DIRECTIONS -> Give again, word for word, every line in the entries below from the line with "á un accidente" up to and including the line with "riode, der konstruktionsmæssigt", and no other line.

RECORDS TO PROCESS ->
--------------------
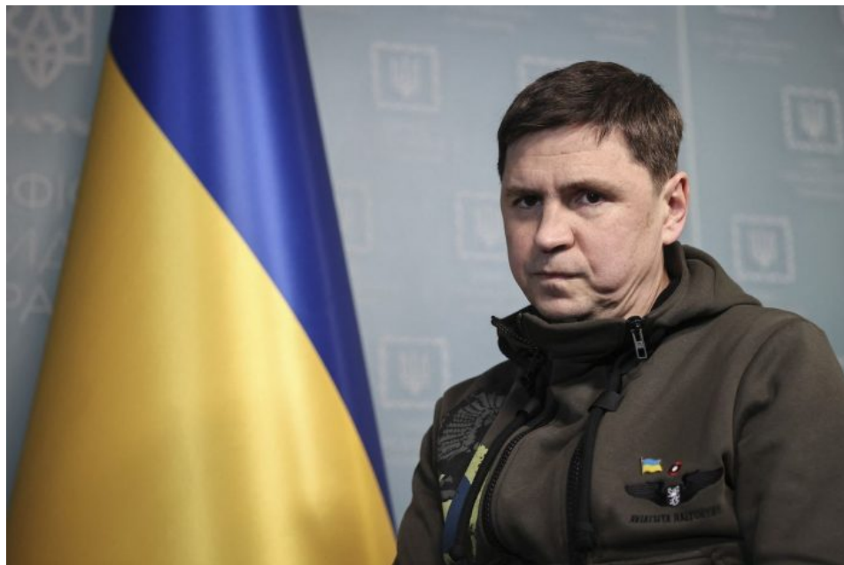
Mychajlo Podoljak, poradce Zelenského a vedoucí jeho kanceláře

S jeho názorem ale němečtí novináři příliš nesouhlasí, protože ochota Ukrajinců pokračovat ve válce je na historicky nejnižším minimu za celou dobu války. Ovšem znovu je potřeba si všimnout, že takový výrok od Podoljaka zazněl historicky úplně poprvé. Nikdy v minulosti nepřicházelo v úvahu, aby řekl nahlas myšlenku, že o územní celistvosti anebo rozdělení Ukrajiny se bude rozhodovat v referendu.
--------------------
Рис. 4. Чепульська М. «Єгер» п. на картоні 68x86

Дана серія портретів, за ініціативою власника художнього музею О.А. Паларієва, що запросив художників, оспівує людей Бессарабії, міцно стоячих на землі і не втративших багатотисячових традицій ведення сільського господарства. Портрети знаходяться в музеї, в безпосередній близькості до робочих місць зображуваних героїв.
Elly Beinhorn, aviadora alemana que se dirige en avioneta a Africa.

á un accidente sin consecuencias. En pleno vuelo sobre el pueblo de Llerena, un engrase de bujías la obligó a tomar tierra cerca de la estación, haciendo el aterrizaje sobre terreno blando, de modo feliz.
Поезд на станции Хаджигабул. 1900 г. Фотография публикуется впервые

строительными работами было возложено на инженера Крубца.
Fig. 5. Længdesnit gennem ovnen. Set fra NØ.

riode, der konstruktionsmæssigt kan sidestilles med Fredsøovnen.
--------------------
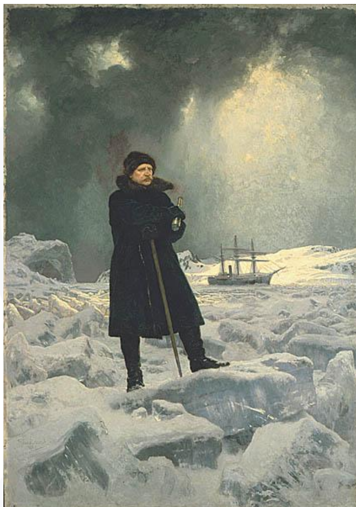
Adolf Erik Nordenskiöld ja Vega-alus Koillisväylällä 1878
--------------------
RESPONSE TO THIS EXERCISE ->
á un accidente sin consecuencias. En pleno vuelo sobre el pueblo de Llerena, un engrase de bujías la obligó a tomar tierra cerca de la estación, haciendo el aterrizaje sobre terreno blando, de modo feliz.
Поезд на станции Хаджигабул. 1900 г. Фотография публикуется впервые

строительными работами было возложено на инженера Крубца.
Fig. 5. Længdesnit gennem ovnen. Set fra NØ.

riode, der konstruktionsmæssigt kan sidestilles med Fredsøovnen.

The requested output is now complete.